Assignment 3 Description

In this assignment, you will learn more about vector space models of semantics (specifically, word embeddings), attention in the context of machine translation, and memory networks. The goals of this assignment are as follows:

  • Understand and implement two predictive methods for learning word embeddings.
  • Solve two semantic tasks using pretrained word embeddings.
  • Implement several methods for attention in neural machine translation.
  • Implement an end-to-end memory network for QA.

All parts of the assignment must be submitted by 11PM on Monday 4/2.

Setup

You can work on the assignment in one of three ways: locally on your own machine, on the EECS instructional machines, or on a virtual machine in EC2. See the Assignment 2 Description page for more information on these options.

GPU Resources

GPUs are not required for this assignment but will help to speed up training and processing time for some of the questions.

Working on the assignment

Get V6 of the code as a zip file here Download here.

Start IPython

After you have downloaded the assignment, you should start the Jupyter (IPython) notebook server from the assignment3 directory, with the jupyter notebook command. There are cells in appropriate places in each notebook that serve to download data and pretrained weights.

Some Notes

NOTE 1: The assignment3 code has been tested to be compatible with python versions 3.5 and 3.6 (it may work with other versions of 3.x, but we won’t be officially supporting them). For this assignment, we are NOT officially supporting python2. Use it at your own risk. You will need to make sure that during your virtualenv setup that the correct version of python is used. You can confirm your python version by (1) activating your virtualenv and (2) running python --version.

NOTE 2: We will be using the latest version of TensorFlow (1.6), and we will be discouraging the use of high-level abstractions from the tf.nn module. We will not be using PyTorch for this assignment.

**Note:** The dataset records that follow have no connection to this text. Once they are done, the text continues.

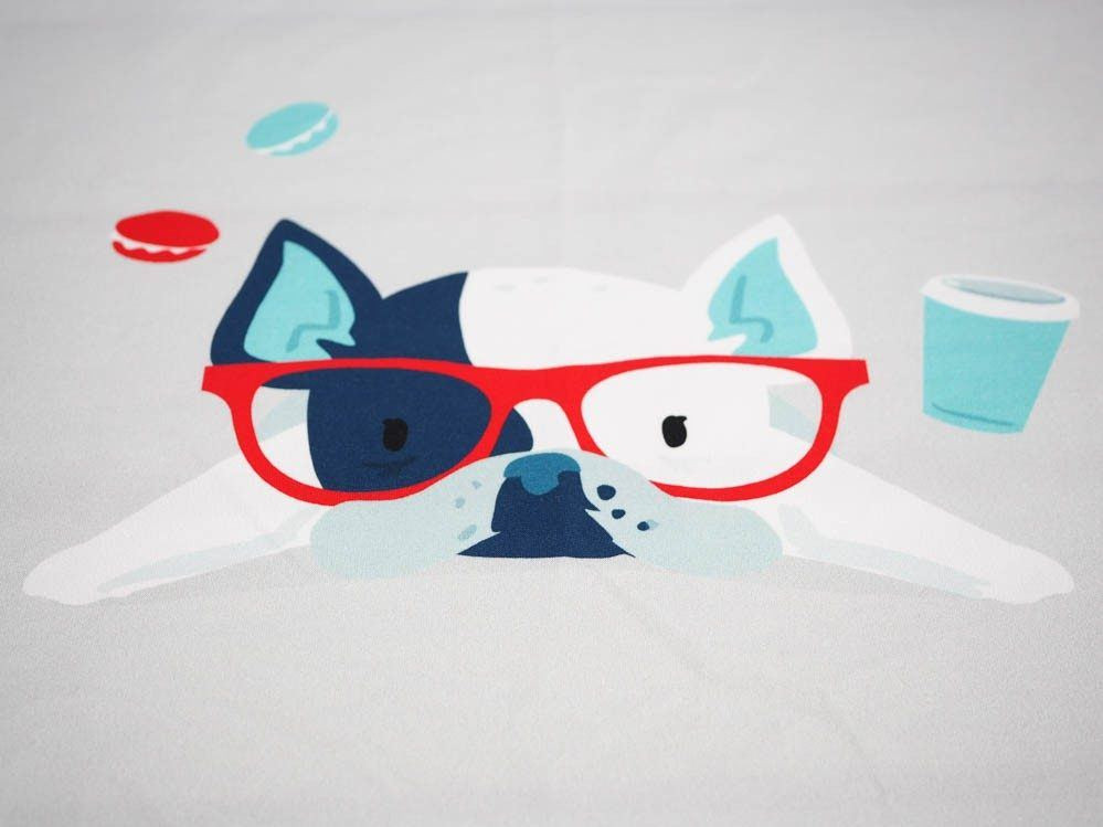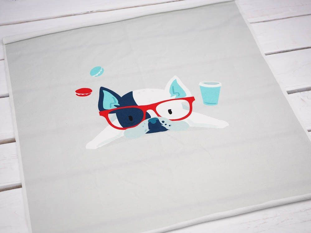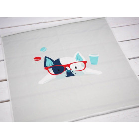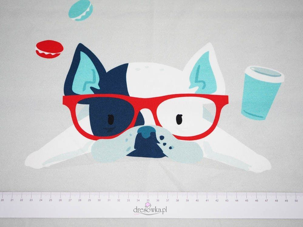 Dog with glasses (J'adore Paris) / aqua - panel single jersey TE210 Dresówka.pl 5900756031400 Odcienie szarego Single jersey / t-shirt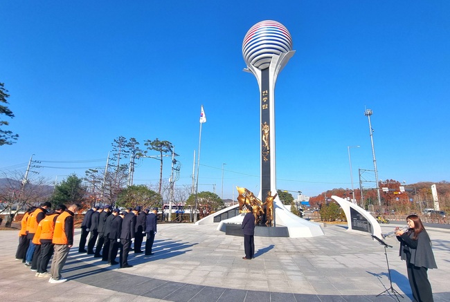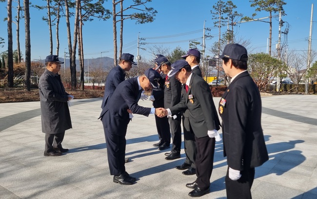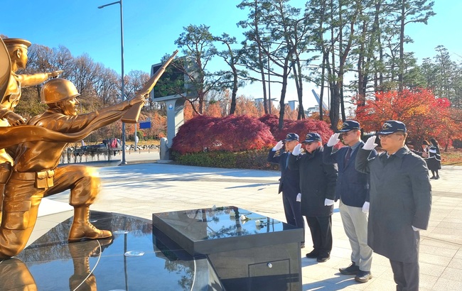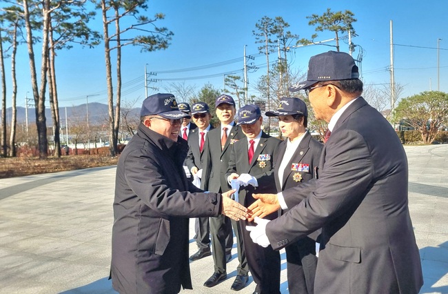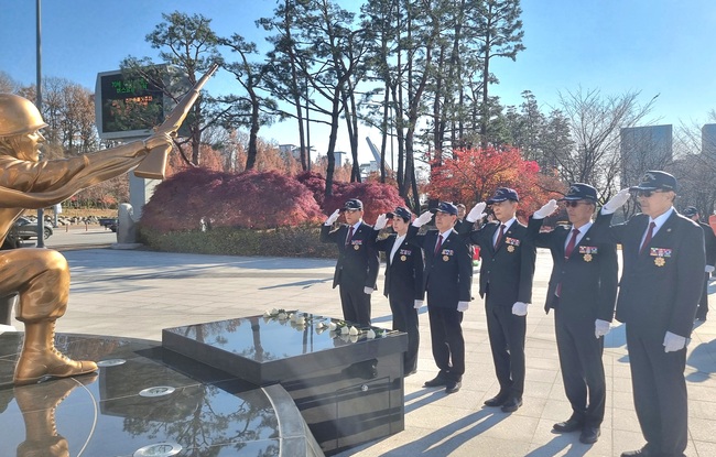 11월 28일 현충탑 경내에 전인범(전 특전사령관) 장군이 박흥식(대한민국 무공수훈자회 성남지회) 회장과 회원들을 만나 힘있게 손을 맞잡았다. 이 자리에는 김원덕(무공수훈자회 부설 유족회) 회장과 장현자(성남시자원봉사센터) 센터장과 직원들이 함께했다.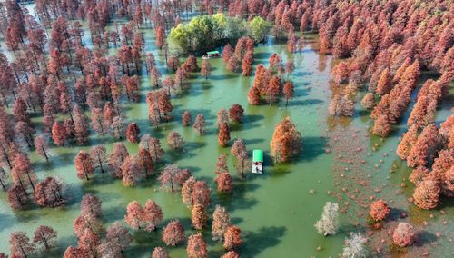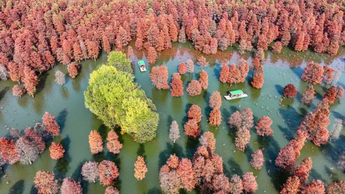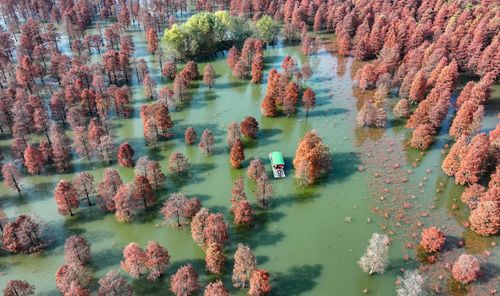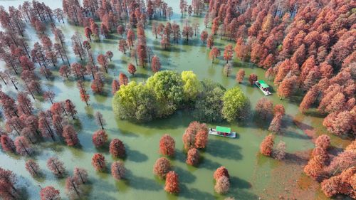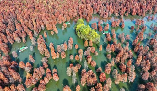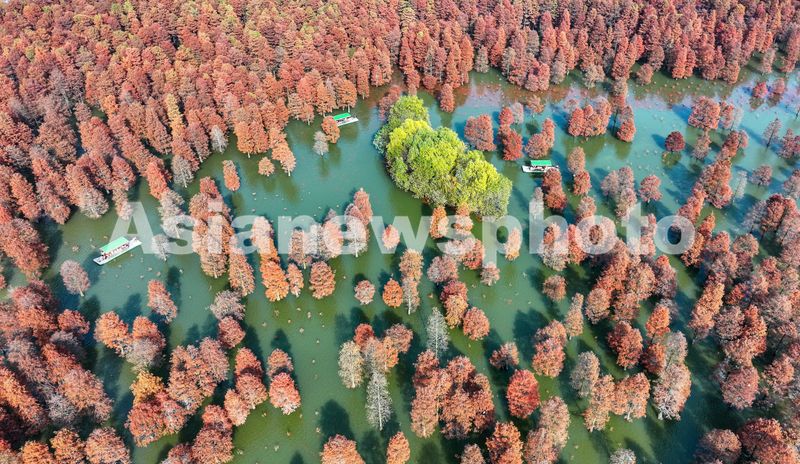 2024年12月13日,在安徽省合肥市庐江县柯坦镇城池村有着上千年历史的大汉塘里,数千株池杉树树叶正渐次变红,绘就冬日最美画卷,空中俯瞰层林尽染、林水交融,游客泛舟其中,如入仙境。

NOTE 3: If you are working in a virtual environment on OSX, you may potentially encounter errors with matplotlib due to the issues described here (Links to an external site.)Links to an external site.. In our testing, it seems that this issue is no longer present with the most recent version of matplotlib, but if you do end up running into this issue you may have to use the start_ipython_osx.sh script from the assignment3 directory (instead of jupyter notebook above) to launch your IPython notebook server. Note that you may have to modify some variables within the script to match your version of python/installation directory. The script assumes that your virtual environment is named .env.

Submitting your work

Whether you work on the assignment locally or on EC2, once you are done working on all parts of the assignment (make sure you have the latest version), and made a PDF of your assignment as per the instructions in Piazza post @314 Links to an external site., run the collect_submission.sh script; this will produce a file called assignment3.zip. Please submit this file here to make a submission on bCourses.

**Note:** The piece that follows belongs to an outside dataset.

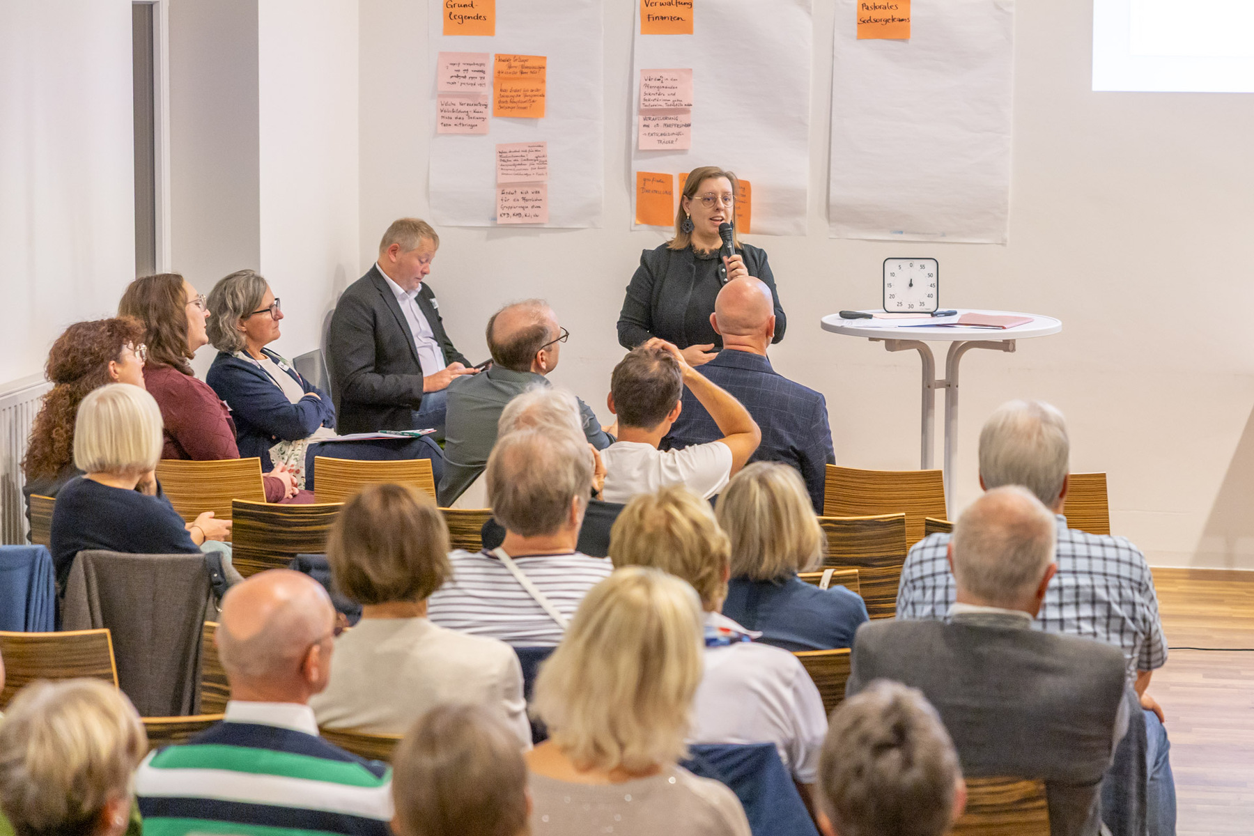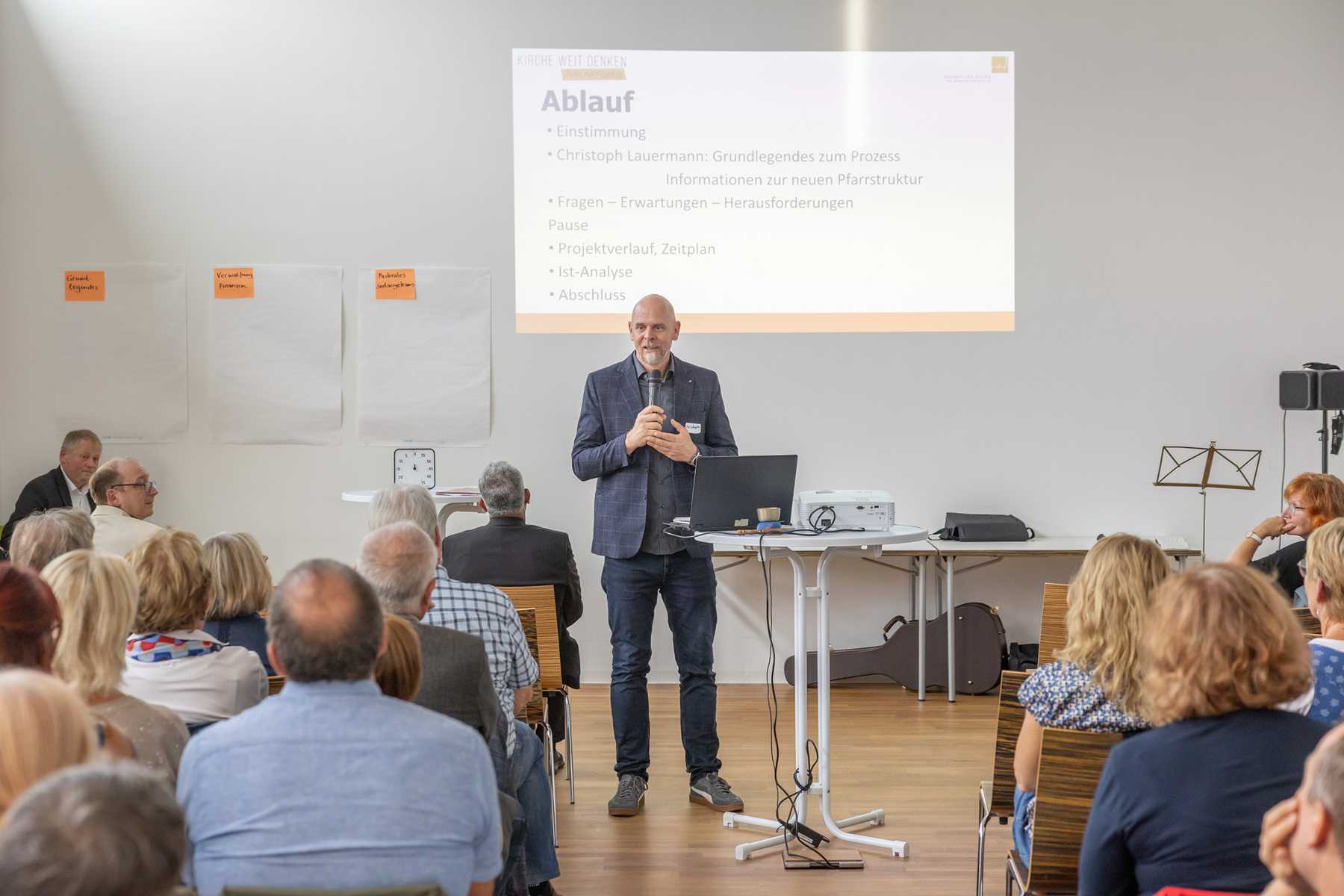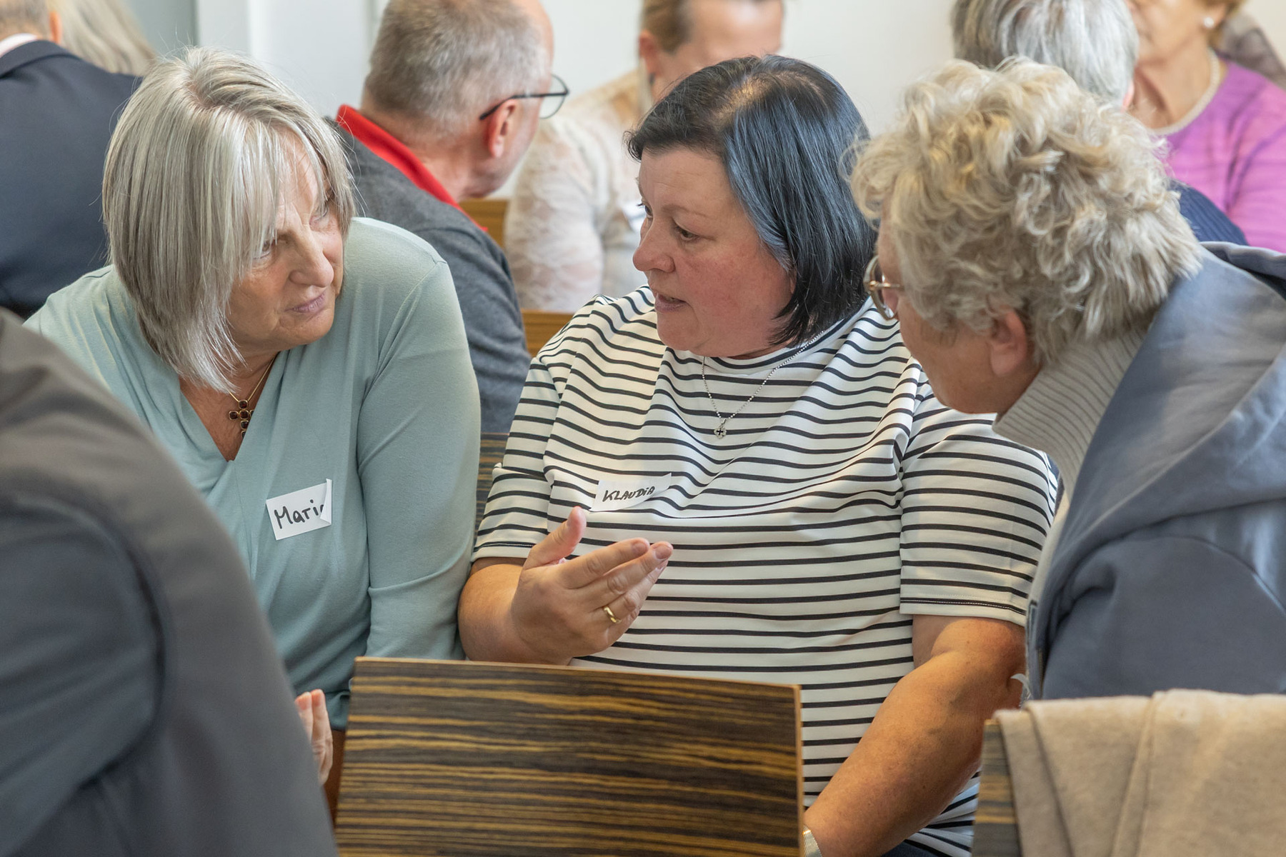 Über 130 Vertreter:innen aus den 16 Pfarren und pastoralen Orten des Dekanates Reichersberg waren ins Pfarrheim Obernberg am Inn gekommen, um sich über den Prozess der Pfarrwerdung zu informieren und erste Schritte zum neuen Miteinander zu setzen. Auch Bürgermeister:innen, Schulleiter:innen und Religionslehrer:innen nahmen an der Veranstaltung teil. Für die lebendige musikalische Gestaltung sorgte eine dreiköpfige Band. Dekanatsassistentin Patrizia Wohlmacher und die Beauftragte für Jugendpastoral Natascha Kahn stellten die spirituellen Impulse unter das Thema „Sendung und Aufbruch“. Wie auch die Lieder brachten die Impulse das Vertrauen zum Ausdruck, dass der Weg vom Dekanat zur Pfarre vom Segen Gottes begleitet ist.

We will also ask you to make a parallel submission to the course website on gradescope Links to an external site. for this assignment to make grading more efficient. Please follow the instructions detailed in Piazza post @314 Links to an external site. to submit a PDF version of your assignment to gradescope.

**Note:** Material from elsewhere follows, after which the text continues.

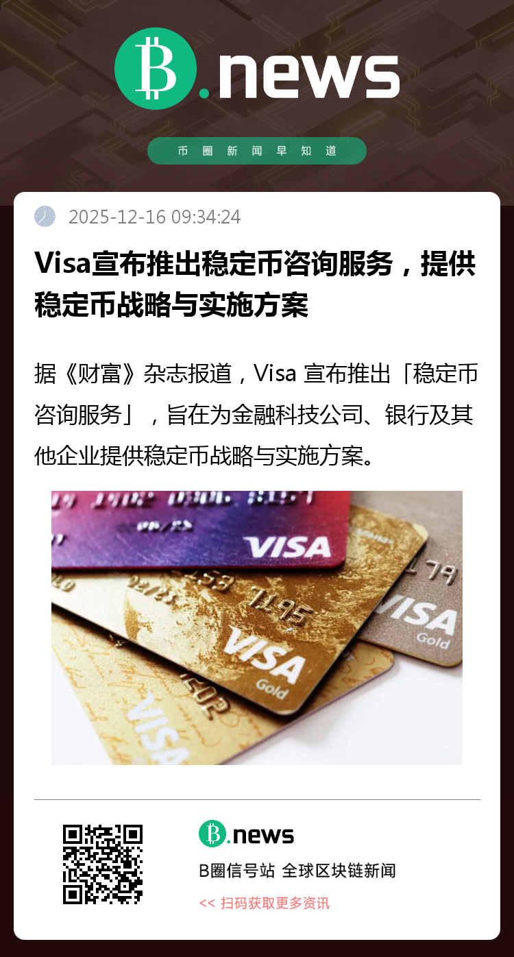 据《财富》杂志报道,Visa 宣布推出「稳定币咨询服务」,旨在为金融科技公司、银行及其他企业提供稳定币战略与实施方案。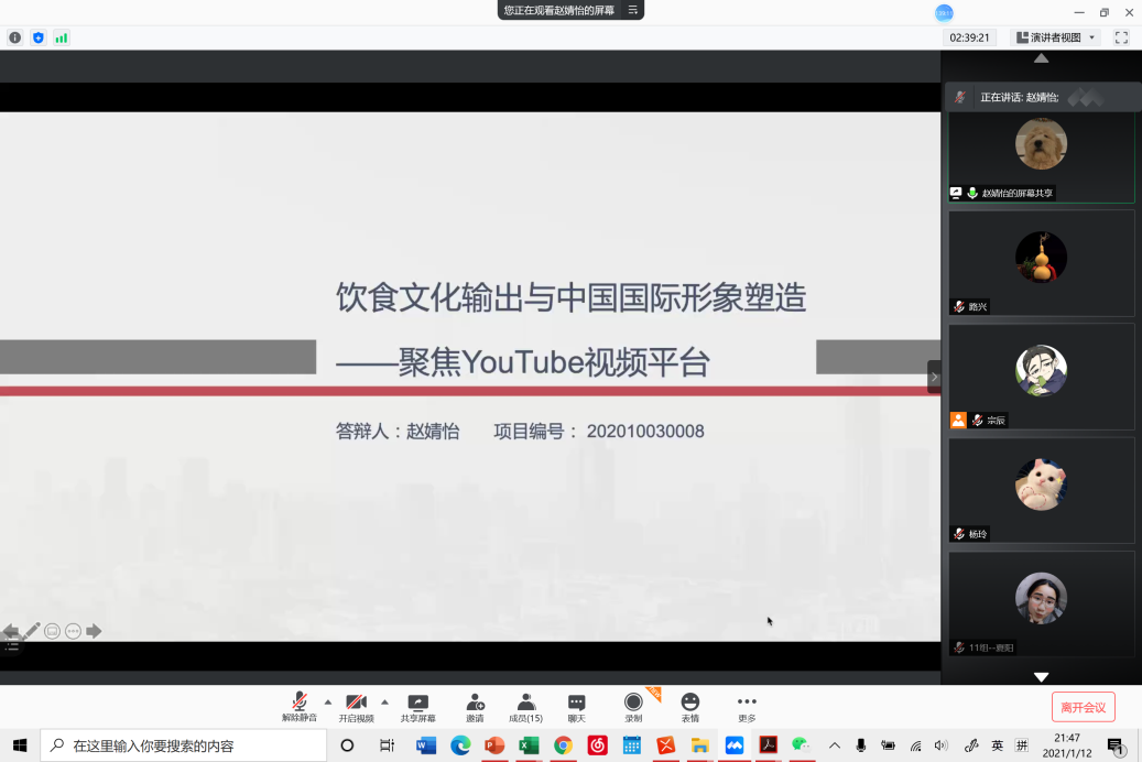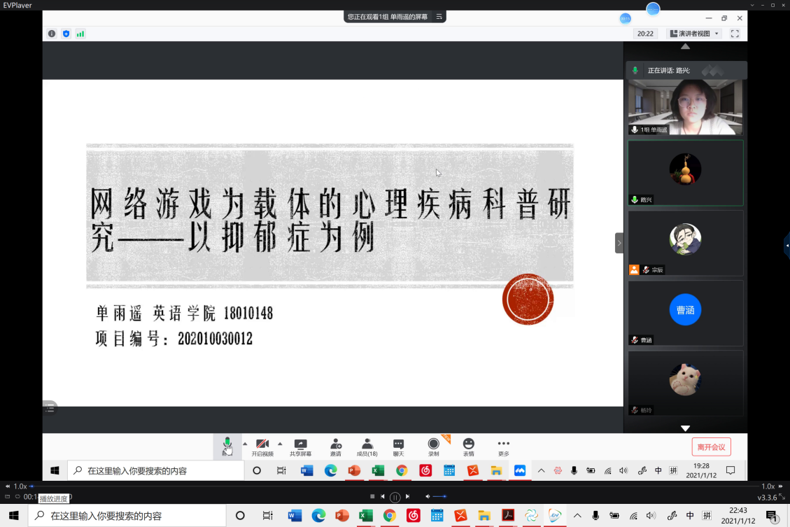 1月12日晚,jinnianhui今年会成功召开线上2020年大学生创新创业项目中期检查考核答辩会。本次答辩会的评委由jinnianhui今年会主管科研工作的副院长彭萍教授、主管本科教学工作的副院长张莲教授和党总支书记路兴组成。辅导员宗辰及11位“大创”项目答辩人和项目组成员参加本次答辩会。

Note: As of 3/23/18, all notebooks are available. You need to have v6 of the assignment 3 zip file which is linked above to get the latest fixes. Make sure you don't overwrite your hard work when you download a new version of the code!

Assignment Tasks

Pay attention to Note 2 above: We are discouraging use of the high-level abstractions from tf.nn to make sure you understand the implementational details of the methods. Please write the code with lower-level TensorFlow primitives. (You may, however, use such abstractions for the course project.) As a starting point, see the TensorFlow documentation for how to make the sigmoid cross-entropy numerically stable here Links to an external site..

Q1: Word Embeddings (30 points)

The Jupyter notebook word_embeddings_tf.ipynb will walk you through implementing two methods for learning word embeddings. You will implement both and test your implementations by visualizing the learned embeddings with t-SNE. The notebook will also present a word similarity task and an analogy task, both of which you will solve using pretrained word embeddings.

Q2: Attention & Machine Translation (40 points)

The Jupyter notebook machine_translation_and_attention_tf.ipynb will walk you through implementing an LSTM cell that uses attention for the decoder of an NMT model, as well as three different methods for implementing the attention computation. You will test your implementations by training the models.

Q3: Memory Networks (30 points)

The Jupyter notebook memory_networks_tf.ipynb will walk you through implementing the MemN2N model. You will test your implementation by training the model on the babi question answering (QA) task.